◆ **Stored data**:
*** Block opens ***
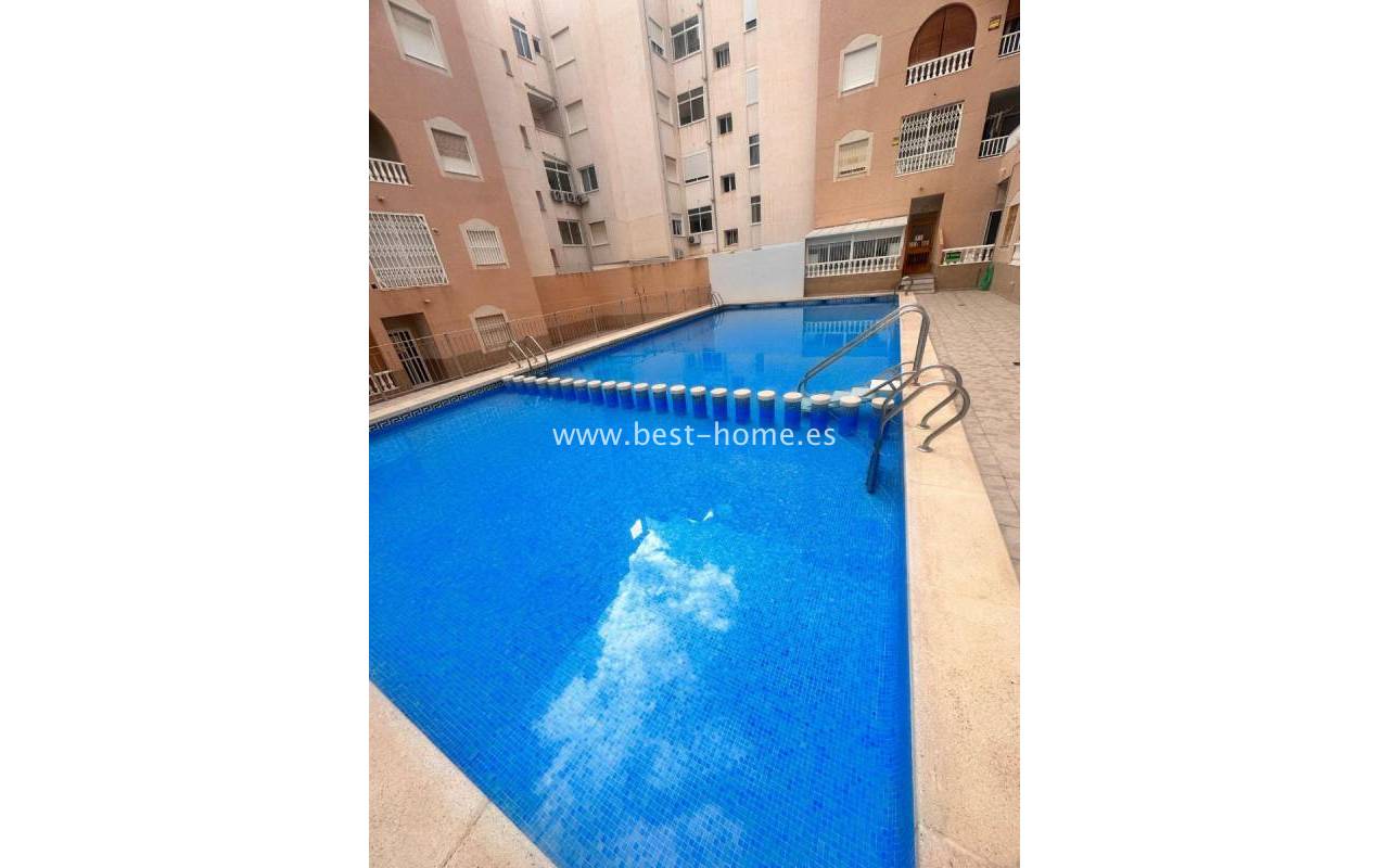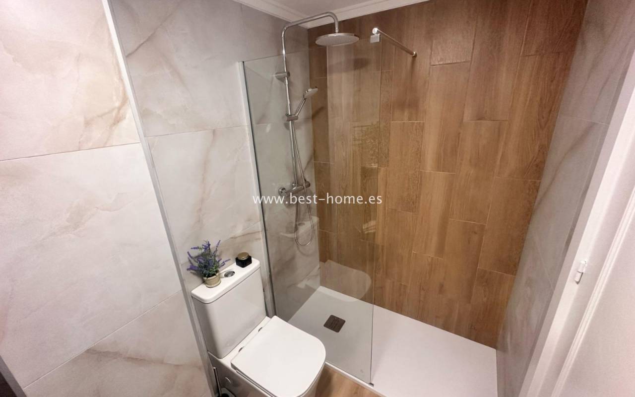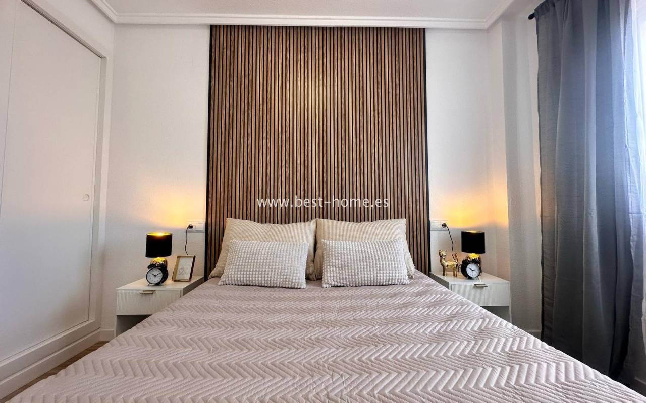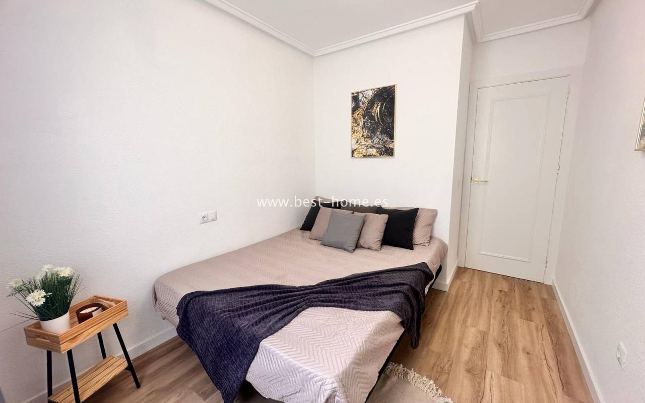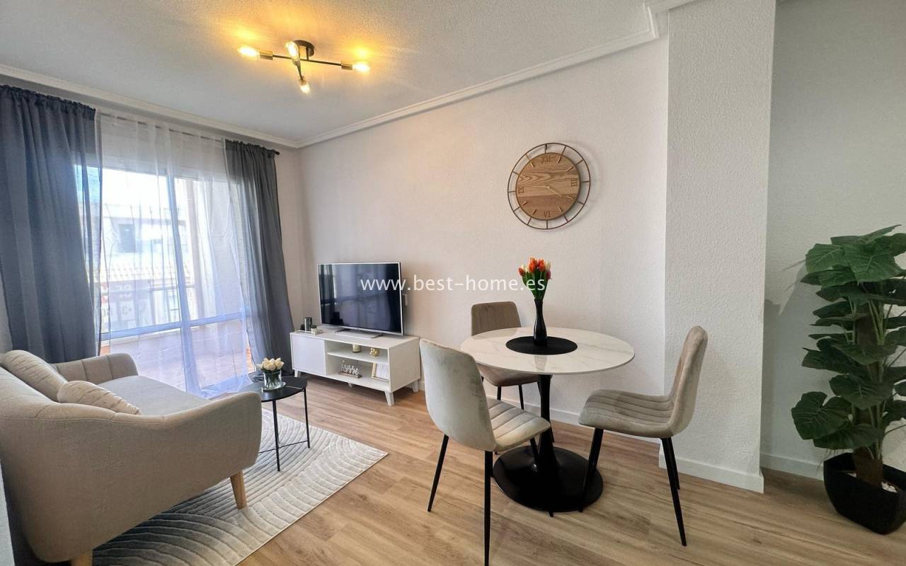 Nicely arranged after general renovation penthouse with a community pool in Torrevieja. It has a living room with access to a sunny terrace, an open kitchen equipped with household appliances, 2 bedrooms, including a double master with a built-in wardrobe and a bathroom. The apartment is equipped with air conditioning and is sold with furniture. There is a swimming pool on the estate, intended for residents. The property is ideal for holiday or long-term rental. Nearby we will find a Consum grocery store, a large number of restaurants, bars, pubs and a beautiful promenade along the sea.
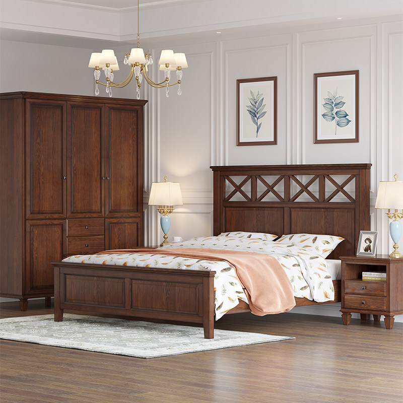 American full pure solid wood double bed makeup table three-door wardrobe desk dining cabinet bedside table several bedroom furniture
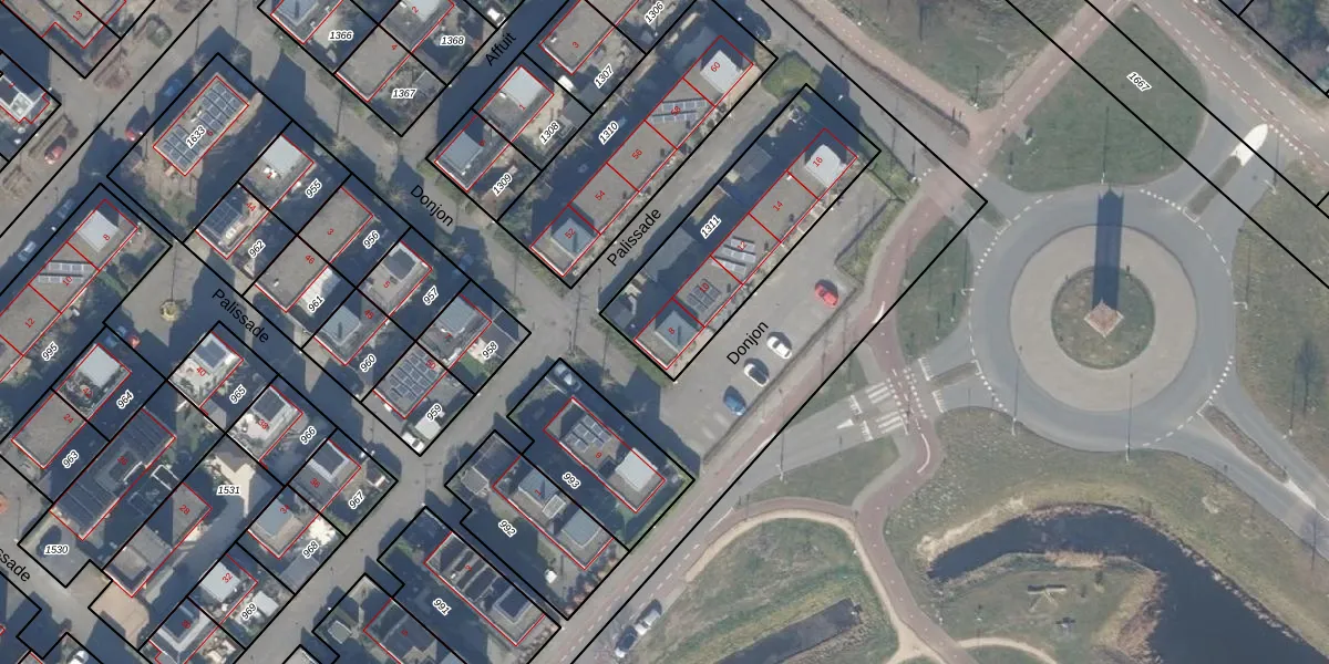 Het perceel waarop Donjon 8 staat heeft een oppervlakte van 700 m². Dit is een groot perceel. De perceeloppervlakte wordt geregistreerd door het Kadaster. Gedetailleerde informatie over de maten van dit perceel kunt u vinden in het rapport Kadastrale kaart met maatvoering van Donjon 8.
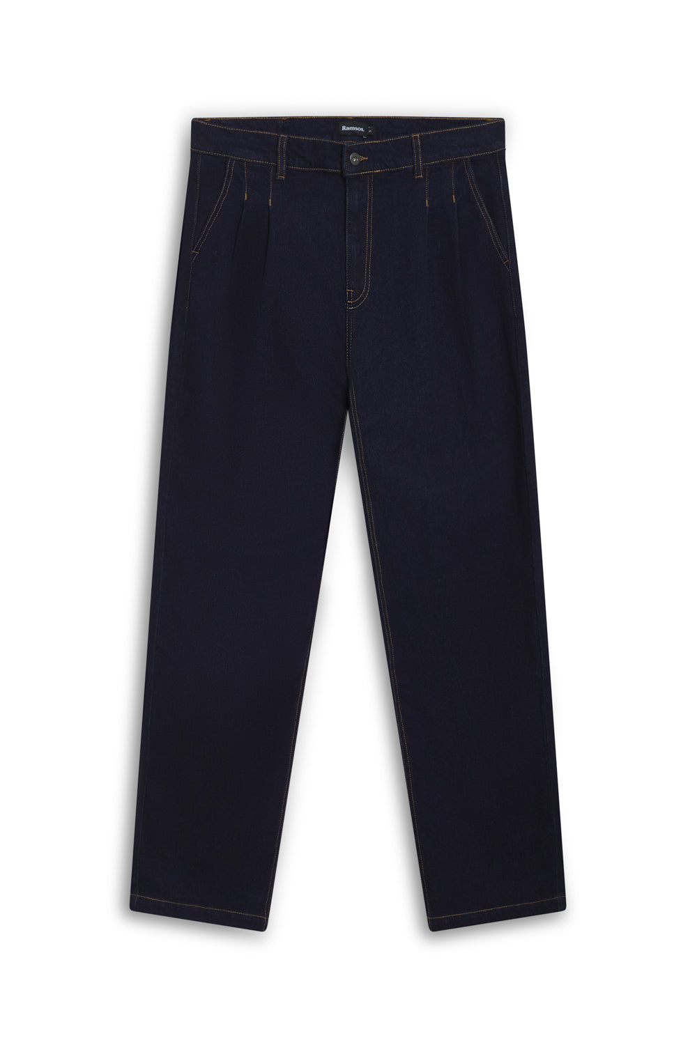 Tailored pleated jeans crafted from dark-wash denim.
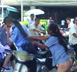 ????事發(fā)現(xiàn)場位于南京中央門立交橋下方東南角。事發(fā)時,這名電動三輪車女車主,上身穿著淺藍(lán)色短襯衫,下穿黑色長褲,騎著電動三輪車反道違章帶客,一下子撞到途經(jīng)此地的一騎自行車行人,隨后雙方發(fā)生糾紛引起交通不暢。正在附近巡邏的行人六大隊交警謝斌和兩名交通協(xié)管員趕到現(xiàn)場,謝斌發(fā)現(xiàn)女子張某所騎這輛電動三輪車無牌無證,屬于非法營運(yùn),加上反道違章等,于是按規(guī)定要暫扣張某的電動三輪車進(jìn)行調(diào)查。
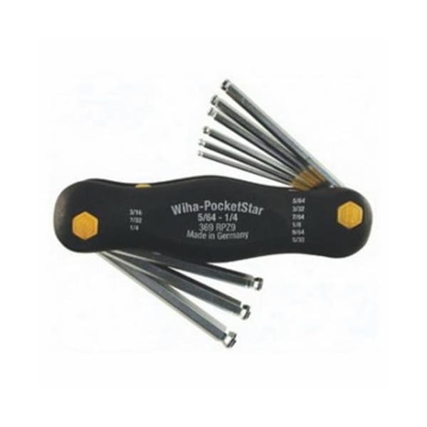 WIHA KEY SET, MEASUREMENT SYSTEM: IMPERIAL, 9 PIECE, 5/64 TO .25 HEX, ERGONOMIC HANDLE, CHROME VANADIUM MOLYBDENUM TOOL STEEL
*** Block closes ***
Print all of the entries word for word. Omit the pictures they contain.

◆ **Solution**:
 Nicely arranged after general renovation penthouse with a community pool in Torrevieja. It has a living room with access to a sunny terrace, an open kitchen equipped with household appliances, 2 bedrooms, including a double master with a built-in wardrobe and a bathroom. The apartment is equipped with air conditioning and is sold with furniture. There is a swimming pool on the estate, intended for residents. The property is ideal for holiday or long-term rental. Nearby we will find a Consum grocery store, a large number of restaurants, bars, pubs and a beautiful promenade along the sea.
 American full pure solid wood double bed makeup table three-door wardrobe desk dining cabinet bedside table several bedroom furniture
 Het perceel waarop Donjon 8 staat heeft een oppervlakte van 700 m². Dit is een groot perceel. De perceeloppervlakte wordt geregistreerd door het Kadaster. Gedetailleerde informatie over de maten van dit perceel kunt u vinden in het rapport Kadastrale kaart met maatvoering van Donjon 8.
 Tailored pleated jeans crafted from dark-wash denim.
 ????事發(fā)現(xiàn)場位于南京中央門立交橋下方東南角。事發(fā)時,這名電動三輪車女車主,上身穿著淺藍(lán)色短襯衫,下穿黑色長褲,騎著電動三輪車反道違章帶客,一下子撞到途經(jīng)此地的一騎自行車行人,隨后雙方發(fā)生糾紛引起交通不暢。正在附近巡邏的行人六大隊交警謝斌和兩名交通協(xié)管員趕到現(xiàn)場,謝斌發(fā)現(xiàn)女子張某所騎這輛電動三輪車無牌無證,屬于非法營運(yùn),加上反道違章等,于是按規(guī)定要暫扣張某的電動三輪車進(jìn)行調(diào)查。
 WIHA KEY SET, MEASUREMENT SYSTEM: IMPERIAL, 9 PIECE, 5/64 TO .25 HEX, ERGONOMIC HANDLE, CHROME VANADIUM MOLYBDENUM TOOL STEEL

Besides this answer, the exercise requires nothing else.